++++ PROVIDED RECORDS

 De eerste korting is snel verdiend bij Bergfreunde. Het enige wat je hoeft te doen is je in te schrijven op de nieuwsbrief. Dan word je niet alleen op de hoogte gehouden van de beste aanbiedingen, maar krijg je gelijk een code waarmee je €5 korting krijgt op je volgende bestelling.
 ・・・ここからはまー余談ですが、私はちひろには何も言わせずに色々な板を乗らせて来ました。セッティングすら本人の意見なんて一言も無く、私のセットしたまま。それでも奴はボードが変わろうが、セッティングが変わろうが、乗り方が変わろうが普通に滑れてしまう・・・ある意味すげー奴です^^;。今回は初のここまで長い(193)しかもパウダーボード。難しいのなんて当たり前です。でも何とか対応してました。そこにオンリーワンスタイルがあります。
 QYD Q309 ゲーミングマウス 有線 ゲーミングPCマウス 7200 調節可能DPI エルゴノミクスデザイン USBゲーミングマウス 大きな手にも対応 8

++++++++
++++ PROVIDED RECORDS

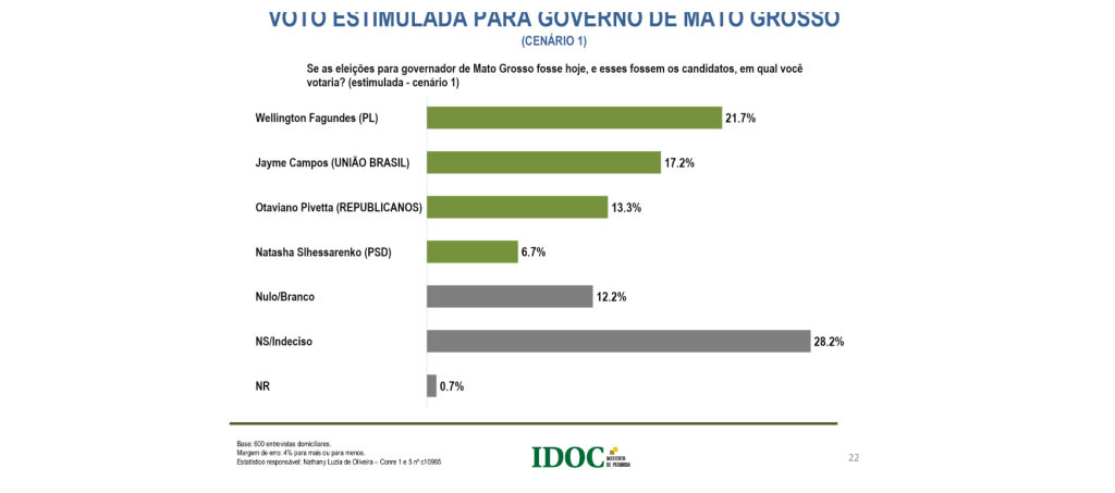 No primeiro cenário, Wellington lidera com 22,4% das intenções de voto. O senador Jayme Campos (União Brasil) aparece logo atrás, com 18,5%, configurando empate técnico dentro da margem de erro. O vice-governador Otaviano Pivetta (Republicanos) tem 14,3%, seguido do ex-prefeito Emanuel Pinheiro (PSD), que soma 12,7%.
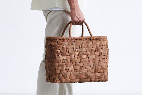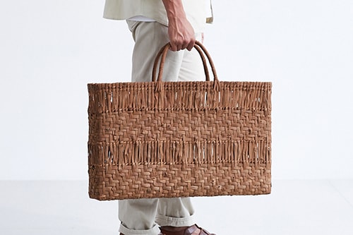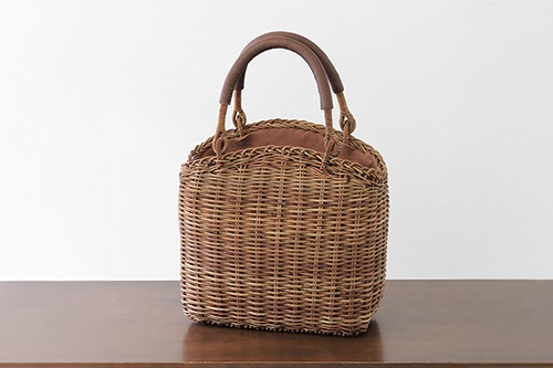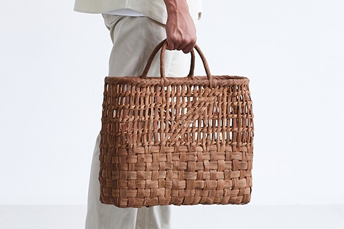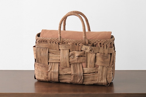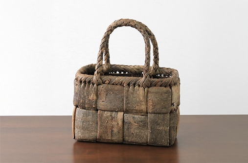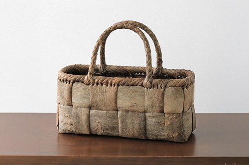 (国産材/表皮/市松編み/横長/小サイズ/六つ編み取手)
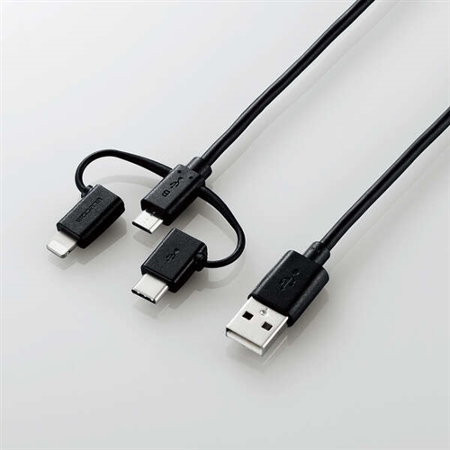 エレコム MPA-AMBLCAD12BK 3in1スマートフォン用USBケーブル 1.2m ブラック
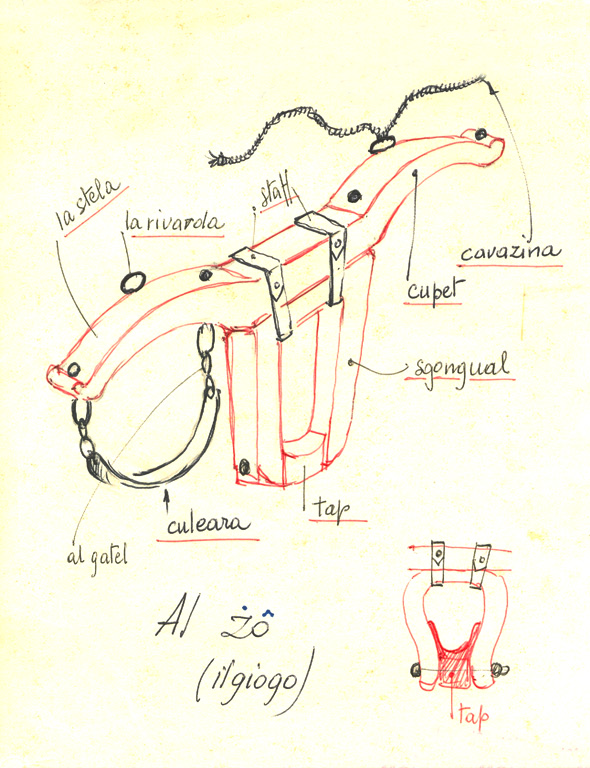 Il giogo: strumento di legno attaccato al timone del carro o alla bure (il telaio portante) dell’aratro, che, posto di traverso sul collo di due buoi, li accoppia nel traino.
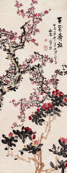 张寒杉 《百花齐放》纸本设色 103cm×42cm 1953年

++++++++

YOUR INSTRUCTIONS – The reply should consist solely of the lines above from the one that has "De eerste korting" through the one that has "QYD Q309 ゲーミングマウス", reproduced exactly.

ANSWER TO THIS PROBLEM –
 De eerste korting is snel verdiend bij Bergfreunde. Het enige wat je hoeft te doen is je in te schrijven op de nieuwsbrief. Dan word je niet alleen op de hoogte gehouden van de beste aanbiedingen, maar krijg je gelijk een code waarmee je €5 korting krijgt op je volgende bestelling.
 ・・・ここからはまー余談ですが、私はちひろには何も言わせずに色々な板を乗らせて来ました。セッティングすら本人の意見なんて一言も無く、私のセットしたまま。それでも奴はボードが変わろうが、セッティングが変わろうが、乗り方が変わろうが普通に滑れてしまう・・・ある意味すげー奴です^^;。今回は初のここまで長い(193)しかもパウダーボード。難しいのなんて当たり前です。でも何とか対応してました。そこにオンリーワンスタイルがあります。
 QYD Q309 ゲーミングマウス 有線 ゲーミングPCマウス 7200 調節可能DPI エルゴノミクスデザイン USBゲーミングマウス 大きな手にも対応 8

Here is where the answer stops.